Fifteen randomly selected healthy male volunteers aged between 25 and 40 years participated in this study. The mean age, height, and weight were 32.1 ± 4.4 years, 173.4 ± 7.4 cm, and 74.6 ± 7.1 kg, respectively. None of them had any previous experience of +Gx acceleration. Participants were screened for their fitness to undergo centrifuge run. Subjects with any medical disability or history of cardiorespiratory illness were excluded from the study. A written informed consent was obtained from the volunteers before the study. The protocol was approved by the Institute Ethics Committee.


The HPHC at the IAM, Indian Air Force manufactured by M/s AMST®, Austria, was used to simulate the acceleration profiles. Equivital Wireless Physiological Monitoring System (Equivital EQ02, Hidalgo, UK) was used to record the physiological parameters. Visual analog scale (VAS) was used for subjective assessment of discomfort/pain during the HPHC run.

Experimental protocol

The participants were advised to abstain from alcohol and to have adequate rest and sleep on the day before the experiment. On the day of experimentation, they reported to the department of Acceleration Physiology and Spatial Orientation (AP&SO) at 0800 h. After resting for 15 min, they were instrumented and their baseline physiological parameters were recorded. Thereafter, they were strapped up in the gondola of the HPHC and pre-run physiological parameters (HR, RR, and SpO2) were recorded.

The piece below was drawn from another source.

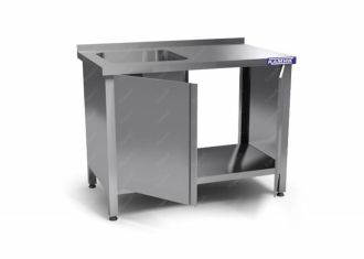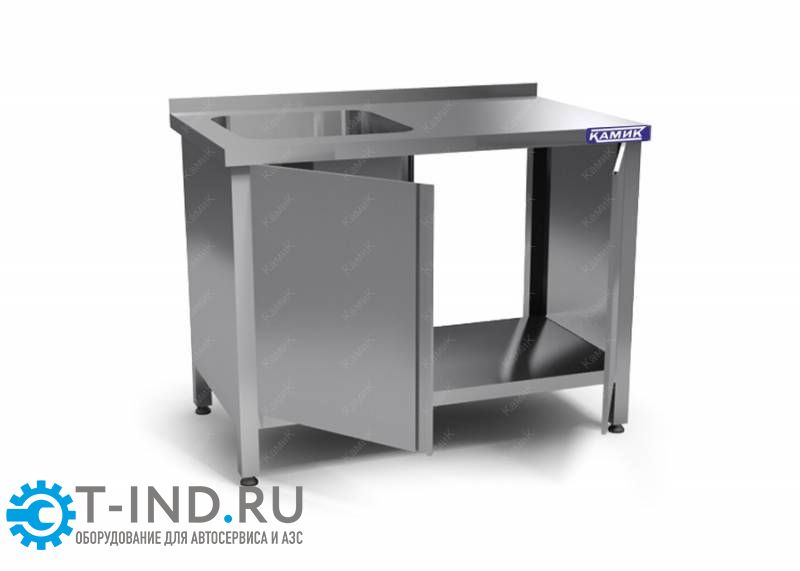 Одна емкость цельнот. из ст AISI 304 500*500*300 Слева. Столешница из стали AISI 430 Каркас сварной из стали AISI 430 расп. дверки, полка-дно, борт. закрыта по бокам (без задней стенки)

The HPHC was accelerated to baseline of +1.4Gz and thereafter to a peak of +4Gx at 0.1G/s and maintained for 30 s. Further, the acceleration stress was increased to +8Gx at 1G/s and sustained for 30 s. This was followed by descent from +8Gx at 1G/s. The simulated profile is depicted in Figure 1. HR, SpO2, and RR were monitored and recorded throughout the exposure to +Gx acceleration and immediately after cessation of the run (post-run) till 5 min post-run to assess their recovery to baseline values. Blood pressure (BP) was only measured and compared at baseline and recovery levels. The subjective assessment of chest pain/ discomfort was obtained using the VAS. The end points for HPHC run were (a) successful completion of +Gx profile, (b) evidence of sustained cardiac arrhythmias, (c) SpO2 fall to <72%, and/or (d) voluntary termination due to subjective discomfort.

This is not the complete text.